Terence Parker said:
So, at the moment, I really don't see how the URL is relavent, beyond being
able to view the source and see the same tag which I have included in my
original posting anyway. However, for the benefit of everyone's curiosity,
the pages can be found at http://intranet.shatincollege.edu.hk/prm/index.php

Good now we can see what the HTTP headers are, and so can you.

http://www.delorie.com/web/headers.cgi?url=http://intranet.shatincollege.edu.hk/prm/index.php
Thank-you... well... at least I learned something in that paragraph.

Now all you need to do is apply it.
Though okay, i'm still puzzled as to why the headers i'm using failed to
indicate the encoding.

They headers you use say that the page is ISO-8859-1. So that's the
encoding that browsers use.
Unless I am totally blind (which I wouldn't entirely rule out) I cannot see a typo
in the META tag used as compared to META tags used in most other websites.

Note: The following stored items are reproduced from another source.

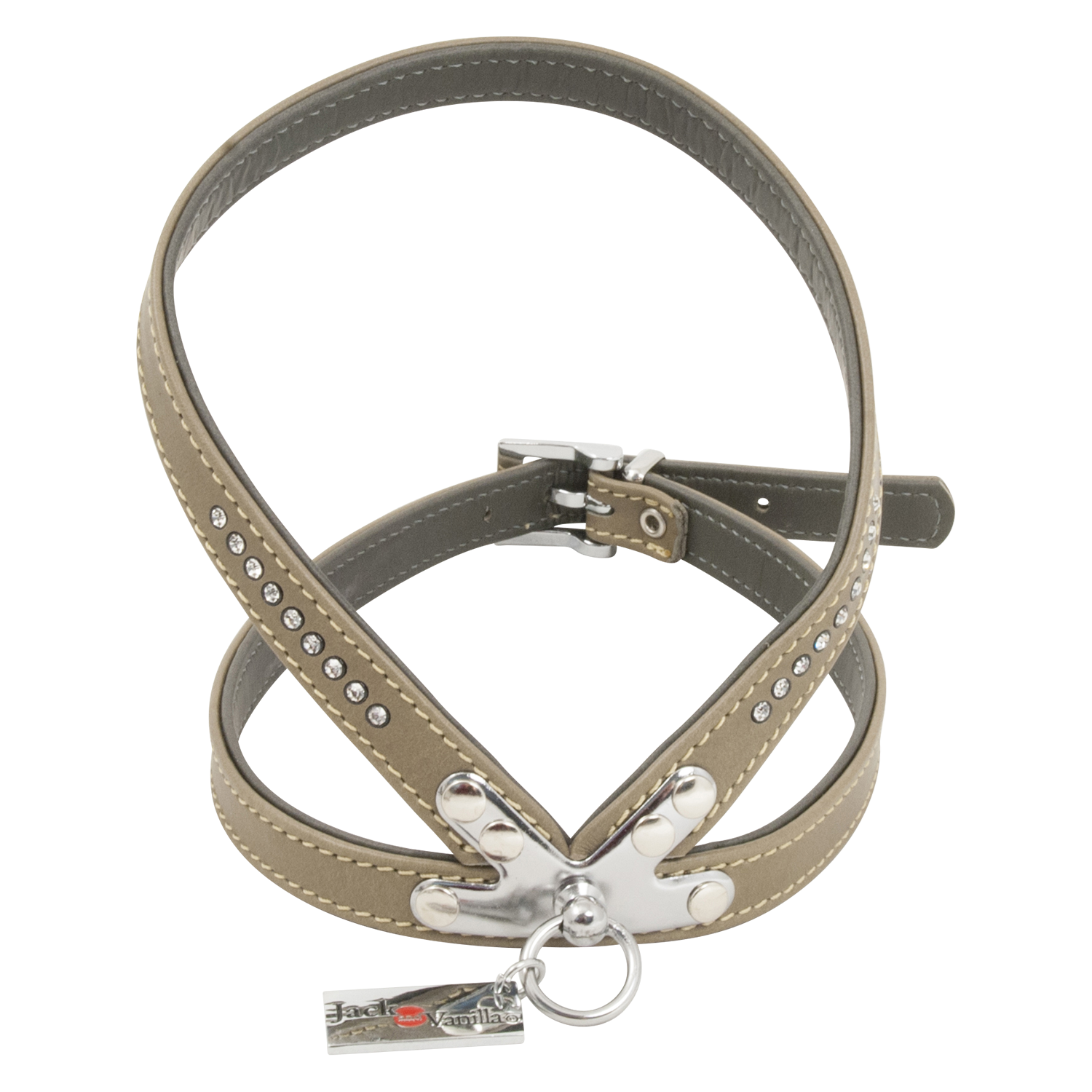 Fijne hondentuigjes in gevoerd Nappa-leder met Strass-steentjes. Deze tuigjes met K-plaatje hebben een makkelijke pasvorm.
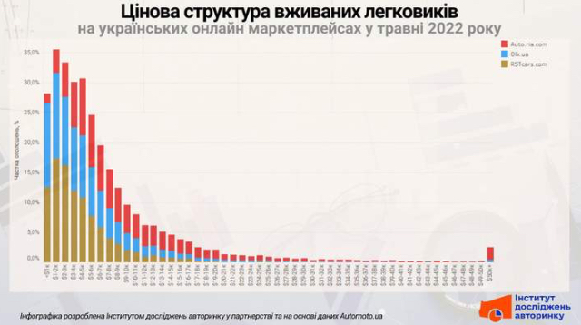 На AUTO.RIA превалируют автомобили стоимостью от $3 до $8 тысяч (39,8%). После последней отметки количество объявлений резко сокращается. При этом именно на этом ресурсе наибольшая доля транспортных средств ценой свыше $50 тысяч — 2,1% от общего количества объявлений. Средняя медиа цена авто на ресурсе составляет около $8 тысяч.
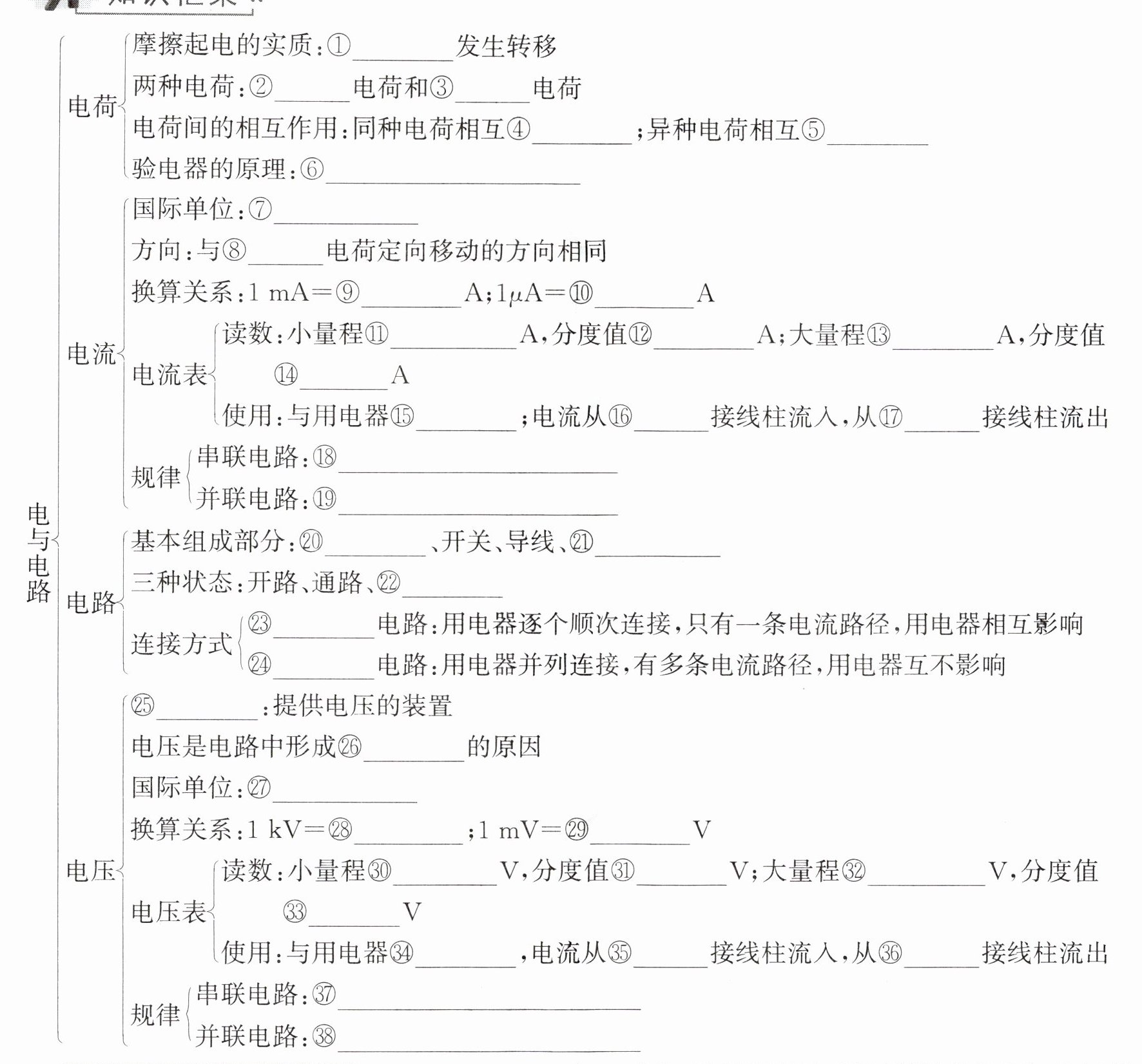 ①电子 ②正 ③负 ④排斥 ⑤吸引 ⑥同种电荷相互排斥 ⑦安培(A) ⑧正 ⑨$10^{-3}$ ⑩$10^{-6}$ ⑪0~0.6 ⑫0.02 ⑬0~3 ⑭0.1 ⑮串联 ⑯正 ⑰负 ⑱$I=I_{1}=I_{2}=\cdots \cdots =I_{n}$ ⑲$I=I_{1}+I_{2}+\cdots \cdots +I_{n}$ ⑳电源 ㉑用电器 ㉒短路 ㉓串联 ㉔并联 ㉕电源 ㉖电流 ㉗伏特(V) ㉘$10^{3}\ V$ ㉙$10^{-3}$ ㉚0~3 ㉛0.1 ㉜0~15 ㉝0.5 ㉞并联 ㉟正 ㊱负 ㊲$U=U_{1}+U_{2}+\cdots \cdots +U_{n}$ ㊳$U=U_{1}=U_{2}=\cdots \cdots =U_{n}$
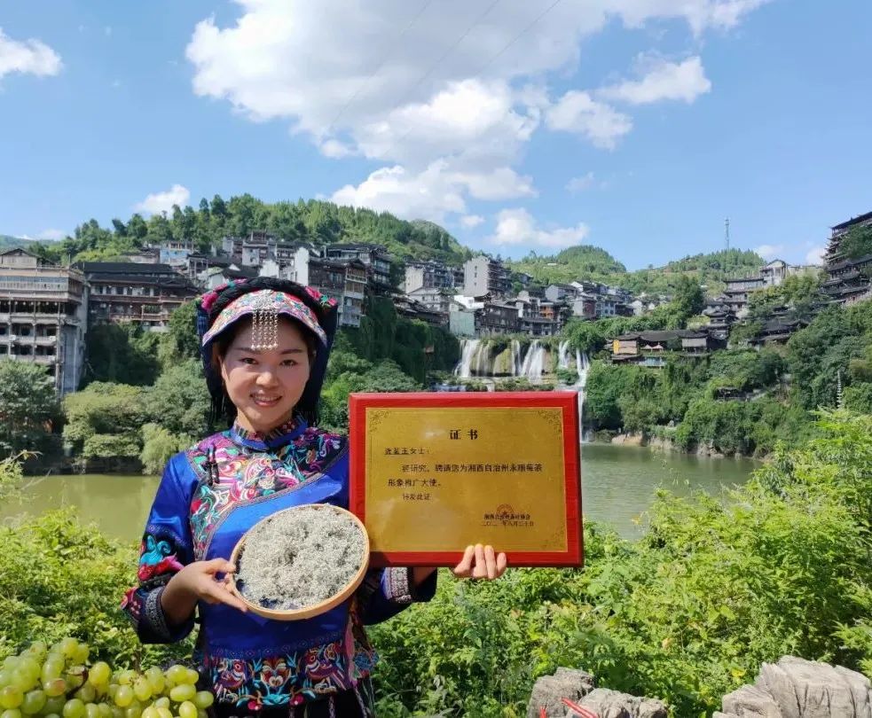 喜妹她是莓茶古法炮製傳承人,因而成為了遠近聞名的“莓茶形象推廣大使”!
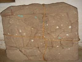 | Description / विवरण | An architectural fragment, probably a niche of wall, depicting deities male which are completely defaced and mutilated one of them is fighting with a lion. |
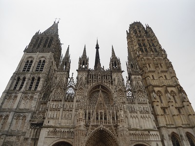 One of the main attractions is the Gothic Cathedral known as Notre Dame and built on the remains of a 4th century basilica. The present structure dates from the 12th century although the building has evolved over the years. It was badly bombed in World War Two due to proximity to the river and some of the Gothic Rose windows were lost. Its 19th century cast iron spire rises to a height of 151 metres (the highest in France). The cathedral is also the only one in France to possess an adjoining archiepiscopal palace still occupied by an archbishop today. The cathedral contains the tombs of the Dukes of Normandy, including that of Rollon, founder of the duchy in 911, and the heart of Richard the Lionheart, King of England and Duke of Normandy. The most famous paintings of the cathedral were done by the Impressionist artist Claude Monet, who produced a series of Impressionist paintings of the building showing the same scene at different times of the day and in different weather conditions. Unfortunately, I could not see the interior of the cathedral as it is closed on Mondays.
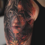 Tetování hudba, noty, portrét na rameni
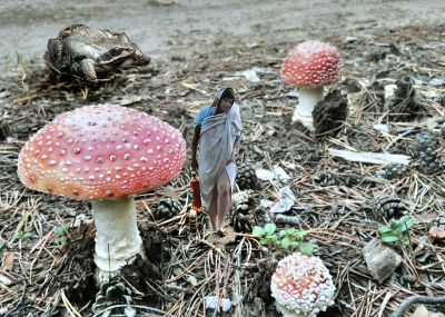 У меня возникло некоторое подозрение, что это коллаж, и мухоморы взяты совершенно из другого кадра
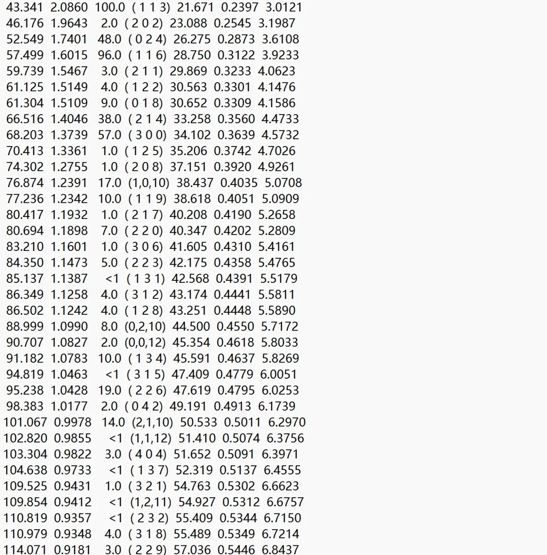 59.739 1.5467 3.0 ( 2 1 1) 29.869 0.3233 4.0623

Remember that paragraph that you learned something from?
Your meta tag is 100% irrelevant.
Browsers MUST ignore it as there is a character set specified in the
HTTP header.

The solution to your problem is to change your HTTP header.

Steve
 
D

DU

Terence Parker wrote:

http://intranet.shatincollege.edu.hk/prm/index.php

Terence, I don't understand why you are not setting the charset via http
headers to "en" instead of utf-8 and then setting lang attribute of the
single line of chinese text to BIG5. Many so far told you that lang
attribute only takes human languages as defined by iso-639 norm; yet,
you keep using utf-8.

http://lcweb.loc.gov/standards/iso639-2/langcodes.html

Only 1 sentence is in Chinese in your file. So there is really no need
to set the whole document charset to utf-8 in the first place.
Finally, for the sake of web interoperability across multiple charset
and language, I really think you should write an entirely validated html
file. As written, your file is not valid and resort to a bad design
technique (tables) and several deprecated html elements (center, font).

My 2 cents

DU
 
J

Jukka K. Korpela

DU said:
Terence Parker wrote:

http://intranet.shatincollege.edu.hk/prm/index.php

Terence, I don't understand why you are not setting the charset via http
headers to "en" instead of utf-8 and then setting lang attribute of the
single line of chinese text to BIG5.
[ corrected to lang="zh" in a later posting - I wonder why you didn't
supersede ]

Sorry, but this is astonishingly strange. We've discussed the issue at
length, and the page _still_ contains the nonsensical lang="utf-8", and now
you are adding to the confusion that charset be set to "en", which would be
just as nonsensical but with more serious consequences.
Many so far told you that lang
attribute only takes human languages as defined by iso-639 norm;

Well, basically so, although in principle you can use x-whatever-you-like
too, it just won't (normally) be useful at all.
yet, you keep using utf-8.

That's strange indeed, but hardly causes much damage. Setting charset to
"en" in HTTP would mean setting it to undefined value and letting browser
play its guessing game.

What the page (the server) does _right_ is the HTTP header that specifies
UTF-8. This is absolutely the right thing, when the data is UTF-8 encoded,
no matter what language (if any) the content is.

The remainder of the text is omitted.